姚亮
(中共江西省委黨校科社教研部,江西南昌330046)
現階段中國社會風險分配不公問題初探
姚亮
(中共江西省委黨校科社教研部,江西南昌330046)
現階段中國社會正開始步入一個社會風險的高峰期,風險無處不在,無時不有。更為重要的是,社會風險的分配不公問題也顯現出來,它是社會公正的重要內容,也嚴重影響著社會公正的實現,具有嚴重的社會危害。究其原因,現階段中國社會風險分配不公是由于風險分配機制缺失、風險的累加效應、風險認知因素和轉嫁因素等共同造成的。對此,必須加快構建公正的社會風險分配機制。
現階段;社會風險;風險分配;社會公正
現階段中國正處于社會轉型的加速期,社會利益結構不斷分化和組合,大量社會風險不斷涌現。正如貝克所言:“在現代化進程中,生產力的指數式增長,使危險和潛在威脅的釋放達到一個我們前所未有的程度。”[1](P15)無論是從風險的總量上看,還是從風險的種類上看,都足以說明現階段中國社會正進入一個社會風險的高峰期。

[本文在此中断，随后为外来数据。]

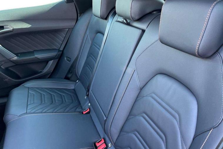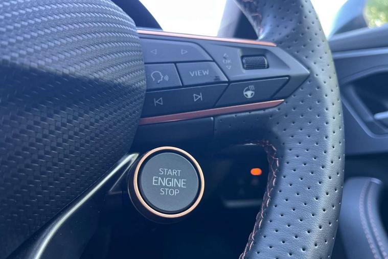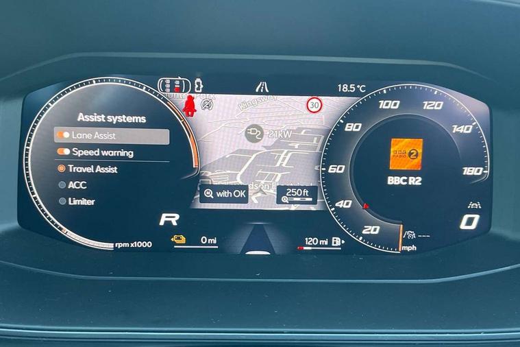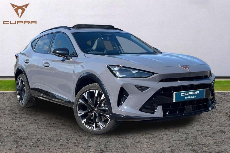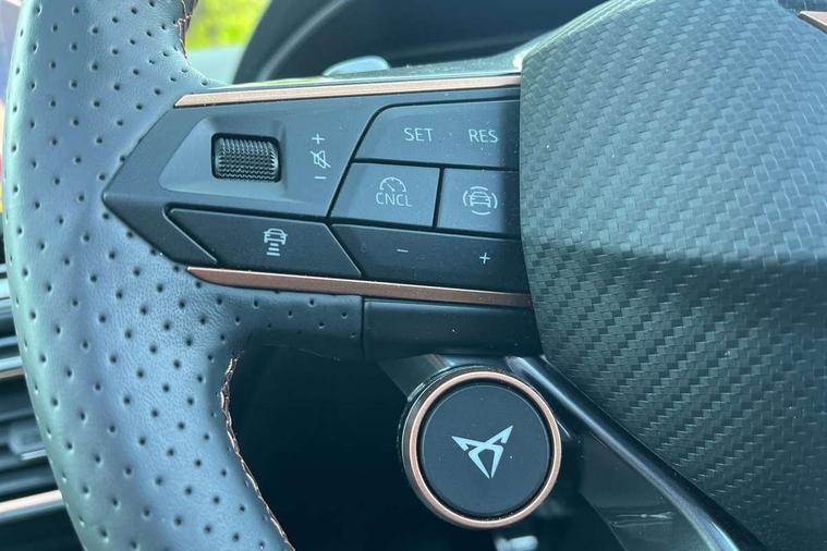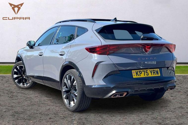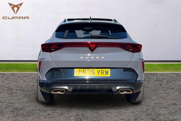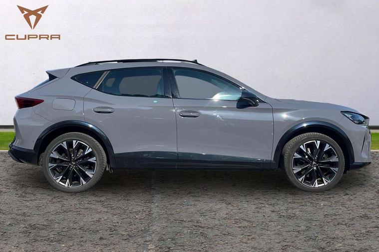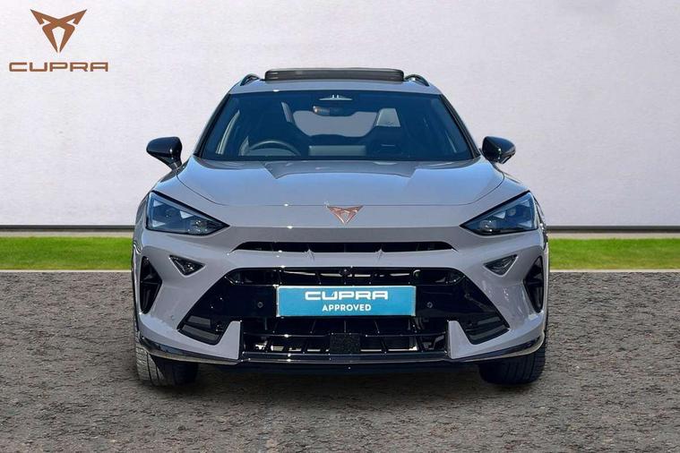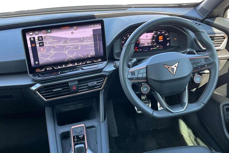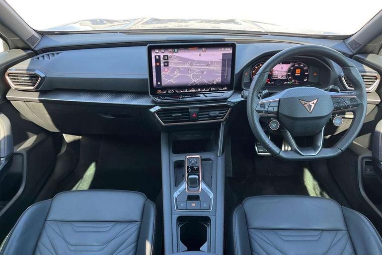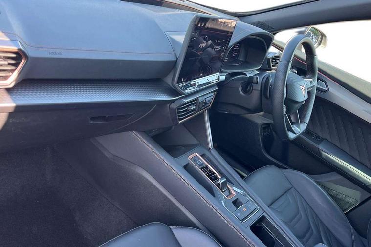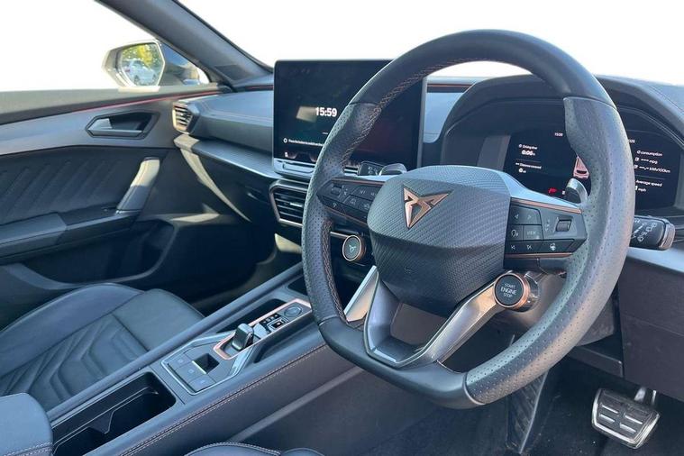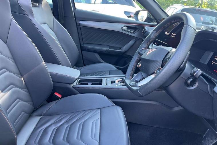 10.25" digital cockpit and configurable dashboard, Adaptive cruise control with follow-to-stop and speed limiter, Advanced driver alert system, Advanced lane assist with semi-automatic vehicle control in a medical emergency and traffic jam assist, Dynamic chassis control with driving profile selection (Comfort, Sport, CUPRA, Individual), Dynamic road sign display, Emergency steering support with turn assist, Forward collision warning with automatic braking, Front cross traffic assist, Full link phone integration, Intelligent park assist, RPM, trip computer, outside temp gauge, instrument light brightness, low fuel warning light, lights on reminder, gearshift indicator, Service interval indicator, Side and exit assist, Speed sensitive power steering, Start/stop system with regenerative braking, Top view camera, Virtual pedal and electric tailgate, Voice control system, Wired Android Auto, Wireless apple carplay, Wireless phone charger, 10 amp mode 2 charging cable, 32 amp mode 3 charging cable, Adaptive chassis control with continuous operation, CUPRA sport suspension, Electronic locking differential and dynamic traction support, 2 front and 2 rear USB type C sockets, Media system with navigation, 12.9" touchscreen display, voice control, DAB, steering wheel mounted controls, Auto dimming rear view mirror, Body colour door handles, Body coloured bumpers, Dark grey wing mirror, Daytime running light with automatic headlight control and coming home feature, Door panel ambient lighting, Dynamic headlight range control, Electric front/rear windows, Electrically adjustable heated and folding door mirrors with memory function, Gloss black roof rails and window surrounds, High beam assist, LED 3rd brake light, LED front fog lamps with cornering function, LED Taillights with dynamic indicator, Matrix Ultra HD headlights, Rain sensing wipers, Rear diffuser with copper simulated exhaust pipes, Rear fog lights, Rear side wing doors, Rear wash/wipe, Tinted rear windows, Welcome lights (within exterior mirror housing), 12V socket, 2 front and 2 rear reading lights, 3 seat bench in 2nd row, 60/40 split rear bench seat with armrest and mechanical seat release, Black headlining, Black interior roof lining, Cupra sports pedals, Dust/pollen filter, Electrically adjustable front seats with lumbar support and memory function, Front and rear head restraints, Front centre armrest, Heated front seats, Heated supersports multifunction leather steering wheel with satellite buttons and gear shift paddles, Height/reach adjust steering wheel, Illuminated aluminium doorsteps, Illuminated interior front door sills, Illuminated sunvisor with mirror, Isofix, Leather dashboard, door insert and side trim panel, LED smart wraparound lighting, PVC/Leather upholstery, Satellite steering wheel, Single front passenger seat, Storage pockets on rear of front seats, Three zone climate control with control panel in rear, 3 point seatbelts on all rear seats, ABS, Brake control system - ESC and brake booster, Child proof door locks, Driver and front passenger airbags with front passenger airbag de-activation, Electronic parking brake, Front and rear disc brakes, Front side curtain airbags, Hill hold control, Pre-crash front and rear seat belt tensioner, window closure and hazard lights, Public e-call, Seat belt reminder for front and rear seats, Tyre pressure monitoring system, Anti theft alarm system, KESSY Advanced - Keyless start, keyless entry with SAFELOCK, Locking wheel bolts, Warranty - 5 years/90, 000 miles, Copper and aluminium interior detailing, Breakdown and tool kit,

從風險的總量上看,現階段中國社會面臨的各種社會風險是巨大的。在生產事故方面,據國家安全生產監督管理總局2008年公布數據顯示,2007年全國發生各類生產事故506376起,死亡101480人。[2]在社會治安狀況方面,爆炸、殺人、綁架等嚴重暴力犯罪案件總量居高不下,2009年1-10月,公安機關共立侵財犯罪案件386萬起和妨害社會管理秩序案件20.9萬起,比2008年同期增加16.1%。[3](P10)近年來群體性事件數量迅速增長,2006年全國發生各類群體事件6萬余起,2007年上升到8萬余起。信訪量日益增多,僅全國民政部門,2007年為81萬人次,2008年升至90萬人次。[3](P10)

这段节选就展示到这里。